When your column is headlined “It’s the Elderly, Stupid,” I guess readers should know what to expect. Robert Samuelson delivers in today‘s Washington Post (a column that will appear elsewhere around the country, unfortunately), in a nasty diatribe about the kind of debt debate he thinks the country should be having–one that blames older people:
Older Americans do not intend to ruin America, but as a group, that’s what they’re about. On average, the federal government supports each American 65 and over by about $26,000 a year (about $14,000 through Social Security, $12,000 through Medicare). At 65, the average American will live almost 20 more years. Should these sizable annual subsidies begin later and be less for some? It’s hard to discuss the budget realistically if you ignore most of what the budget does.
The Social Security money they’re stealing is theirs, of course–taken out of their paychecks over their entire working lives. What Samuelson is proposing–if he really wants to discuss the budget realistically–is that they should get less of their money back in order to maintain tax cuts for the rich.
Medicare is different, in large part because healthcare costs really have increased dramatically. That’s someone’s fault–apparently old people’s.
Samuelson goes on to writes about the “contradiction” between people’s desire to do something about deficits and their belief that Social Security and Medicare shouldn’t be cut. Which isn’t a contradiction at all; people support reducing spending in other areas, like the military, and raising revenues via tax hikes on the wealthy. But here’s his case:
What sustains these contradictions is a mythology holding that, once people hit 65, most become poor. This justifies political dogma among Democrats that resists Social Security or Medicare cuts of even one dollar.

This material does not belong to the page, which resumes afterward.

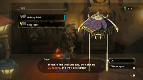 Once that is done, select the dialogue option "OK!" to complete the rework in exchange for 20 Rupees. Sadly, you cannot alter the color or shape of your glider, though the fabric rework sure gives a fresh look to it.

But the premise is wrong. True, some elderly live hand-to-mouth; many more are comfortable, and some are wealthy. The Kaiser Family Foundation reports the following for Medicare beneficiaries in 2010: 25 percent had savings and retirement accounts averaging $207,000 or more; among homeowners (four-fifths of those 65 and older), three-quarters had equity in their houses averaging $132,000; about 25 percent had incomes exceeding $47,000 (that’s for individuals, and couples would be higher).
So to say “most” old people are poor is wrong–and to prove that, he shows that some older people aren’t poor at all.
Go to the Kaiser report he’s citing, and you get a very different impression.
From the key findings:
–Half of all Medicare beneficiaries had incomes below $22,000 in 2010; less than 1 percent had incomes over $250,000.
–Half of all Medicare beneficiaries have less than $2,100 in retirement account savings (such as IRAs), and half of all Medicare beneficiaries have less than $31,000 in other financial assets (such as savings accounts)
But why focus on the average Medicare recipient when you can isolate the wealthiest and decry all seniors for their plan to “ruin America”? What Samuelson is saying that “we need to recognize that federal retiree programs often represent middle-class welfare.” What he actually seems to be saying is that there is inequality–rich people are getting richer. There are ways to redistribute that wealth in order to pay for everyone’s healthcare. But something tells me that’s not what he’s advocating.